Sunday, September 19, 2010

Leaud's Phonecall

Rue Fontaine (Philippe Garrel, 1984; photographed by Pascal Laperrousaz)

Besides the grainy darkness of Pascal Laperrousaz's 16mm images, one of my favorite things about this Garrel short, the highlight of the Paris vu par .... vingt ans après anthology film (a largely muddled "twenty years later" follow-up to the movie commonly called Six in Paris in English), is a brief scene where Jean-Pierre Leaud calls Christine Boisson from a payphone.

While the camera is pointed at Leaud (the whole scene is done in one take), a microphone has been set up elsewhere with Boisson. Instead of hearing his voice clearly and hers coming out the receiver, we hear her side of the conversation -- her voice is disarmingly crisp and his is tinny. Garrel and sound recordist Jean-Luc Rault-Cheynet complicate things further by also recording Leaud's side of the conversation and bookending the recording of Boisson with direct sound of Leaud picking up and putting down the phone. That is, they go against the conventions of showing a phone conversation in a movie (sound and image from the same point of view), and with the reality of a phone conversation as something that always occurs from two perspectives at once.

5 comments:

Trevor said...

I am fascinated by the untethering of the soundtrack from the images. I think I started looking for this with greater interest after seeing The Girlfriend Experience. I think there is so much richly aesthetic possibility in playing with sound this way, but I wish it was written about more. Is there even a single book on this subject? This sounds like an interesting case that I'd like to check out. I haven't seen it, but it seems significant that the image doesn't as clearly give us Leaud's face to see his expressions (maybe I'm wrong?), as the more static an image is, the more we tend to listen to the soundtrack. This seems a perfect image for displacing our attention to what we are hearing.

Ignatiy Vishnevetsky said...

You can somewhat see Leaud's face, but it's still very dark (actually, almost the entire short looks this dark).

The name of this blog, actually, came from a circa early 2007 (that is, when I started Sounds, Images) obsession with the separation of sound and image, which, in those heady, essentialist days, I was convinced was "the pinnacle of cinema" or something.
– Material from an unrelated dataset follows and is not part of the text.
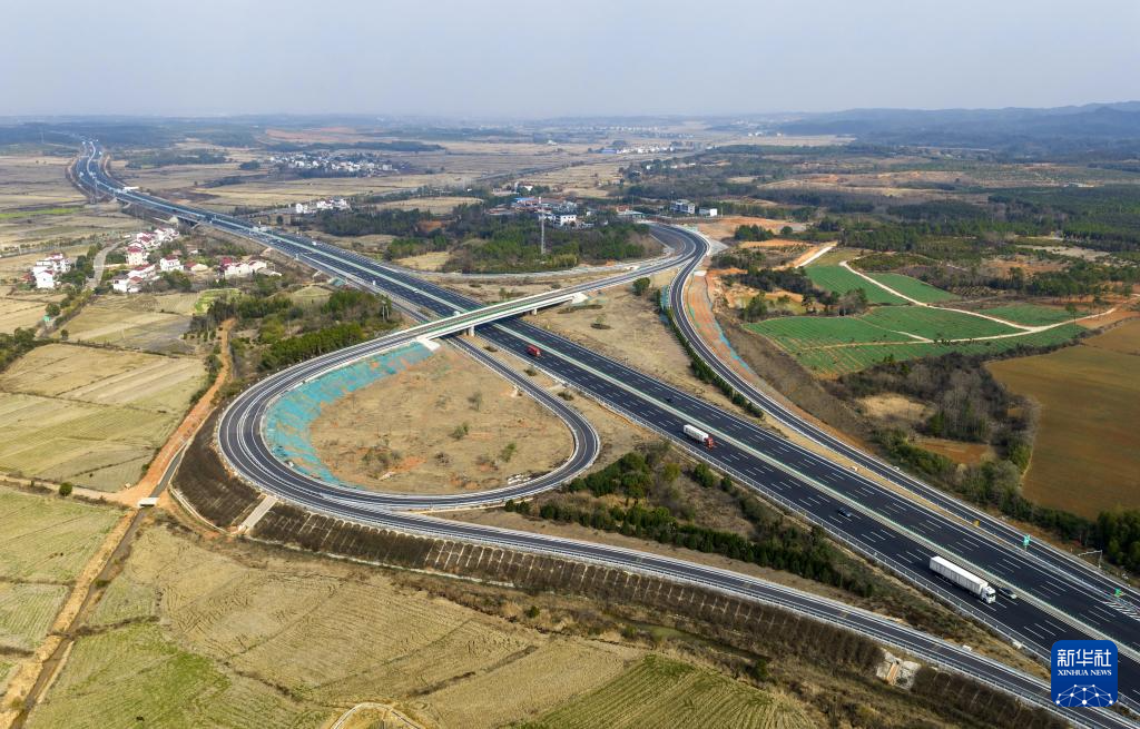 1月31日拍摄的江西樟树至吉安高速公路(无人机照片)。新华社发(王宗豪 摄)

The fact remains, though, that sound is possibly the most under-examined aspect of filmmaking -- not just in terms of criticism, but in terms of filmmaking itself. Still a lot to be found / expressed.

Anonymous said...

I would reccomend Michel Chion's writings as a good place to start for discussions of sound, the voice, the relation to the image, etc. There actually is some good work that has been done on the subject, it isn't as barren or dire as one may fear.

Ignatiy Vishnevetsky said...

Anonymous,

Thanks for the tip. Never read any Chion, and I have to admit that at first I thought you meant Michael Chanan, who has written some really interesting stuff about sound recording (though the writings of his I'm most familiar are the ones that deal with music, not film).

Evelyn Roak said...

Ha, i'm not familiar with Chanan but sounds like they do some similar work. I believe Chion wrote for Cahiers at some point and he has himself written on 20th century music as well-and composed/recorded too.

His book the voice in cinema and audio-vision both have fascinating, sophisticated discussions of the sound/image relationship and the ideas/actualities of their disjointing. Also, his short book on Jacques Tati is nothing short of a masterpiece.